The spectacle of hell in Augustine

Modern critics of Christianity have repeatedly drawn attention to the recurring trope of the blessed watching the damned being tortured in hell. It appears most forcefully in the famous passage from Tertullian’s De spectaculis that was quoted by both Gibbon and Nietzsche, as well as in later theologians like Bonaventure and Aquinas (who didn’t have the excuse of being persecuted).

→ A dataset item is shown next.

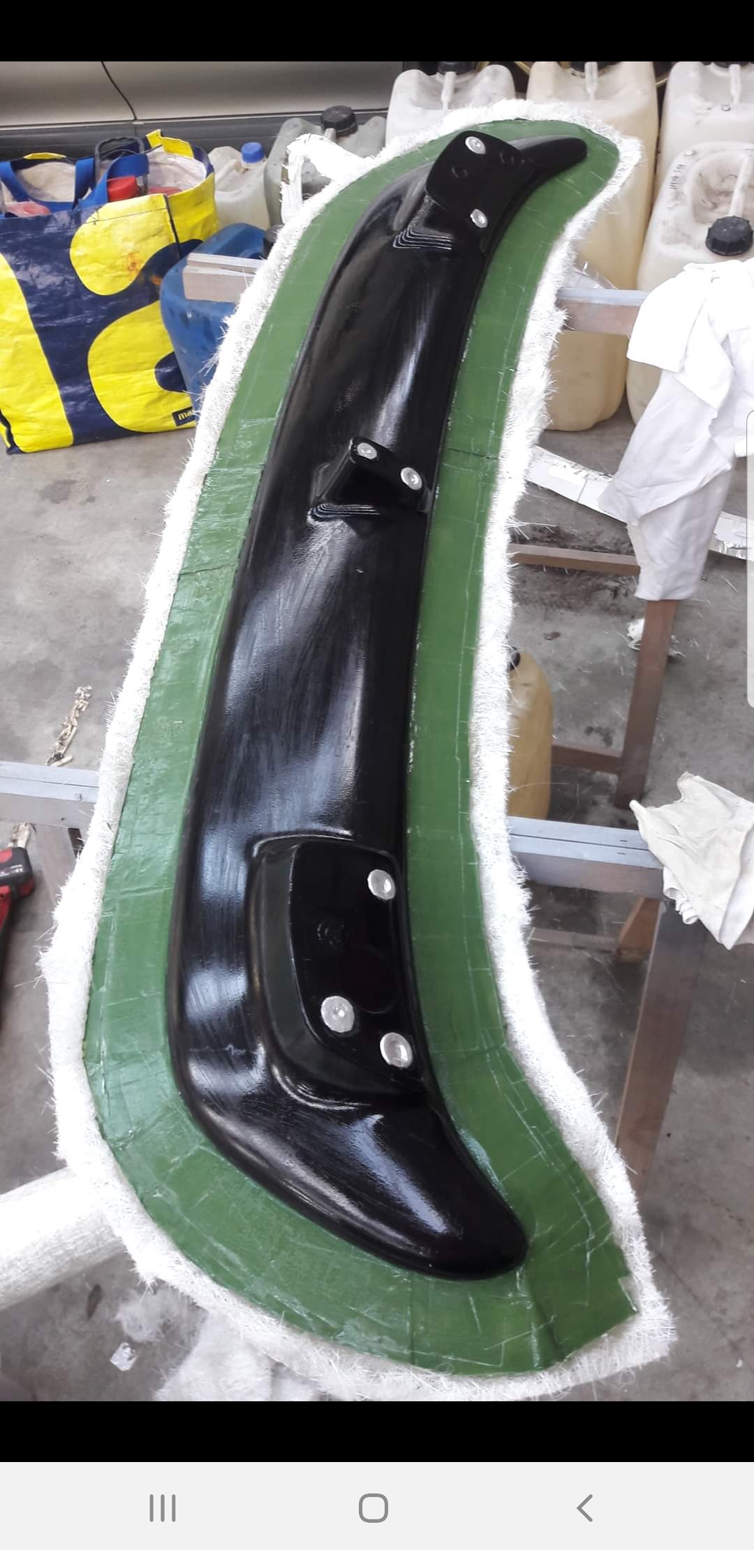 Collage des deux demi-ailerons puis stratification extérieure tout simplement. Ensuite ponçage-mastic-ponçage-peinture PU bi-composant si vous voulez que ça tienne un moment.

This theme appears to be mostly absent in City of God, where Augustine nonetheless insists on the reality and the appropriateness of eternal damnation for the majority of human beings. There is a strange element of his treatment of eternal punishment in Book XXI, however, in that he responds to critics who don’t believe that a physical body could endure endless suffering by pointing to all the many natural wonders he had experienced or heard of. He mentions the salamander, which supposely lived in fire, as well as more obscure examples such as the imperishability of cooked peacock flesh (something McDonald’s should look into). There’s even a passage in which he anticipates the Insane Clown Posse’s immortal line: “Fuckin’ magnets, how do they work?” The ostensible message is clear — if God can do all this amazing stuff, how can you doubt that he could make a body that was able to endure eternal torture? Yet the subtext is disturbing: by insistently associating eternal torture with all these cool things, he is implicitly counting it among God’s marvellous wonders.

Hence the theme of enjoyment of and fascination with the tortures of the damned appears even here, in submerged form.

The difficulty of reading Augustine

Augustine is a difficult writer, and City of God is one of his most difficult works. The problem, it seems to me, is not that of following his arguments on a line-by-line level, or not primarily. Rather, the problem is figuring out why he is even talking about this topic in the first place. (I suppose we could just dismiss him as a sloppy thinker, etc., but those explanations are never very interesting or compelling to me.)

Nearly every book of City of God seems to be taken up with extraneous material and never get around to its main point — yet clearly Augustine believes that he’s getting at his main point. If you want to get at what’s distinctive in Augustine’s thought, you need to be able to get a sense for the unstated superstructure that is directing his inquiry — you need to develop a scent for the often unstated questions to which his arguments are an answer.

I’m tempted to draw a parallel with Dogopolski’s understanding of the task of Talmudic analysis, which is not to arrive at an answer but first of all to reawaken the disagreement that motivates the text.

On “political will”

One often hears complaints about a lack of “political will.” We know we need to rein in carbon emissions, for instance, yet so far the “political will” to do so has not emerged. We know we need to regulate the banks more closely, but again, we seem unable to muster the “political will.” One suspects that neuroscientists should focus their efforts on identifying the mechanism underlying “political will,” with the goal of producing a pill that politicians could take in order to summon it up — then all our problems would be solved.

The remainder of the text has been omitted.